The establishment of a comprehensive federal privacy law and a Data Protection Agency (DPA) to address online privacy and data protection issues for everyone is an alternate option that could offer a stronger approach than a broad regulation.
“An independent federal agency would help solve many of the data protection issues we encounter online. It would work to protect data, safeguard privacy, and ensure data practices are fair and transparent,” Paul says.
In February, New York Senator Kirsten Gillibrand announced legislation that would create the Data Protection Agency (DPA). If approved, the DPA would have the authority and resources to effectively enforce data protection rules created either by itself or congress, and would be equipped with a broad range of enforcement tools, including civil penalties, injunctive relief, and equitable remedies. The DPA would also promote data protection and privacy innovation across public and private sectors, by developing and providing resources such as Privacy Enhancing Technologies (PETs) to minimize or even eliminate the collection of personal data.
Many countries already have data protection agencies in place. The U.S. is one of the only democracies, and the only member of the Organization for Economic Cooperation and Development (OECD), without a federal data protection agency.

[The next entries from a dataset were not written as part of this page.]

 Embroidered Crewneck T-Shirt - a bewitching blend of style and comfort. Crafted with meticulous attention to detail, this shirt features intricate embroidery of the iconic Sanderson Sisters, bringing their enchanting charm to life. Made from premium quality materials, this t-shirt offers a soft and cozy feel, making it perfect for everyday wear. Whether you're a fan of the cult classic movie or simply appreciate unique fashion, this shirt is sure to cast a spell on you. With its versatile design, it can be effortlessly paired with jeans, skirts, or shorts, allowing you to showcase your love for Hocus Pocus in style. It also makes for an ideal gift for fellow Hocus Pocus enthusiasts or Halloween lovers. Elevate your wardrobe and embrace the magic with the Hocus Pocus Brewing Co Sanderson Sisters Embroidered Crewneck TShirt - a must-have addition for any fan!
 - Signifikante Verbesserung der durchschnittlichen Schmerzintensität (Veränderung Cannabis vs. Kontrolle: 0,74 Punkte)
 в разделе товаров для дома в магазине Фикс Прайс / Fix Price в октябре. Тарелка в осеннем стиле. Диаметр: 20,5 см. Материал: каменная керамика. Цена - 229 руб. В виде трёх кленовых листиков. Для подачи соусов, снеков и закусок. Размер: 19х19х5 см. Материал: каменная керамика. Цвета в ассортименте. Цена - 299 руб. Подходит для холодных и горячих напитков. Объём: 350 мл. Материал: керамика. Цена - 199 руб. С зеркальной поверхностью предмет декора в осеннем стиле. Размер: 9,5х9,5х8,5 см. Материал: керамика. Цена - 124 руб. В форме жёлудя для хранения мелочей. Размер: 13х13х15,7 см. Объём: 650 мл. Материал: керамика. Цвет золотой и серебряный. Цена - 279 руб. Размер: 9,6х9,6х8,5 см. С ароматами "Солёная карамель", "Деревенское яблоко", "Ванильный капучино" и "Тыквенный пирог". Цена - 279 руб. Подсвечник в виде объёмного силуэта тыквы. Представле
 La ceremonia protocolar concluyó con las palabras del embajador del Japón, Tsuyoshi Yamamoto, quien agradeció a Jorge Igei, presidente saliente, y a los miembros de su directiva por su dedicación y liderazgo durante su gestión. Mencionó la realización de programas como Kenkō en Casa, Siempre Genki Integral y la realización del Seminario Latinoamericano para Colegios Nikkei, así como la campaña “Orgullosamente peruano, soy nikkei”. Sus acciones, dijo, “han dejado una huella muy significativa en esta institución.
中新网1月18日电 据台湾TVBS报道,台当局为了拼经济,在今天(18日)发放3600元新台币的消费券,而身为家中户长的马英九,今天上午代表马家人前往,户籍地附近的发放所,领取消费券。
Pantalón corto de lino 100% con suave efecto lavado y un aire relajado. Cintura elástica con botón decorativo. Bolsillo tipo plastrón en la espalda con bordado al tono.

In addition to establishing a DPA, Paul believes it is important that federal legislation does not preempt stronger state legislation. A robust federal privacy legislation “should be a floor, not a ceiling” and should include a few key components:
- Strong definition of personal data;
- Establishes an independent data protection agency
- Individual rights (right to access, control, delete)
- Strong data controller obligations
- Algorithmic transparency requirements
- Data minimization and privacy innovation requirements
- Prohibits take-it-or-leave-it or pay-for-privacy terms
- Private right of action
- Limits government access to personal data
- Does not preempt stronger state laws
“Again, if these were to be implemented in a federal law and enforced by a DPA, anyone doing business online would have much more protection, including distance learners,” Paul states.

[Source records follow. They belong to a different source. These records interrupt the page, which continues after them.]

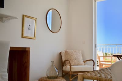 Située au 1er étage, elle profite d’une belle vue. Elle baigne dans une atmosphère légère et sereine. Elle accommode un lit double ou des lits simples. Le coin salon est meublé de fauteuils confortables et originaux pour un moment de détente. Salle de bain chic avec douche.
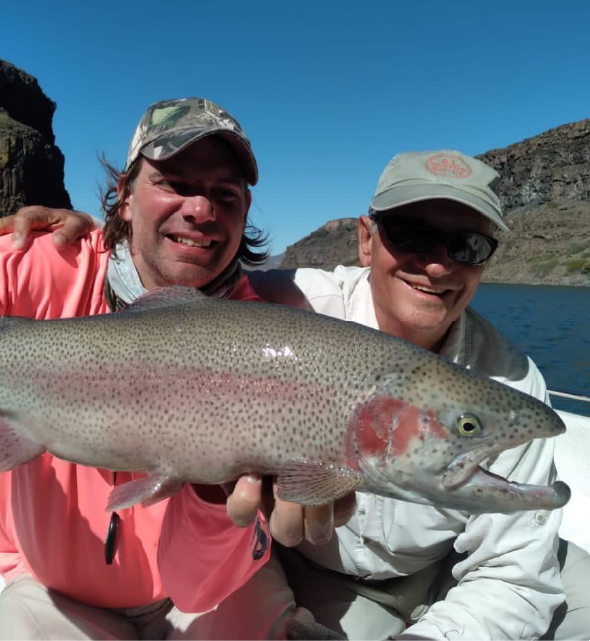 The high-quality water, perfect temperature, and abundant food supply in the lake produce a significant number of large fish. Expect to target big rainbows and impressive brown trout during your visit. Our guides will take you to excellent spots, including sight fishing over banks, cut banks, bays, and side channels. Boat rides are short as we are located in the prime fishing area of the lake. The landscape includes bays, rocky shores, cliffs, and stone points, spanning over 25 km of shoreline.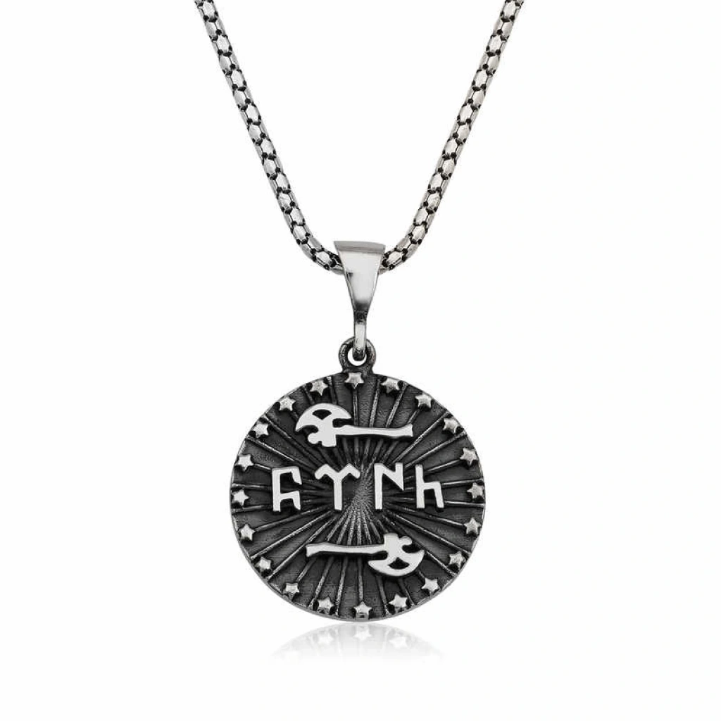 Gümüş Baltalı Türk Yazılı Kolye

To best protect themselves now though, Paul recommends that students read the terms of service when joining digital platforms and online education spaces to understand how companies plan to use the data they provide. Students should opt-out where they can and limit the amount of data they provide in exchange for service.
Looking forward: Protecting Student Privacy in Online Education
So, where does this ultimately leave online learners?
Even before COVID-19, there was already high growth and adoption of education technology. Global edtech investments reached $18.66 billion in 2019 and the overall market for online education is projected to reach $350 billion by 2025, according to the World Health Organization.
Although it is difficult to predict the future, the surge in online education engagement due to the coronavirus can likely be expected to have a lasting impact on e-learning moving forward.
So, given the growing importance of online education, this period may be a critical time for schools offering distance learning to take a closer look at the online resources and security they will be offering students.
“Many schools may be relying on services that do not provide adequate privacy protection and security, or that expose student data to third parties,” Paul says. “As distance learning might become the new normal for many students, it is important that educators, government agencies, and state and federal lawmakers, ensure that the privacy of students is protected in these distance learning programs.”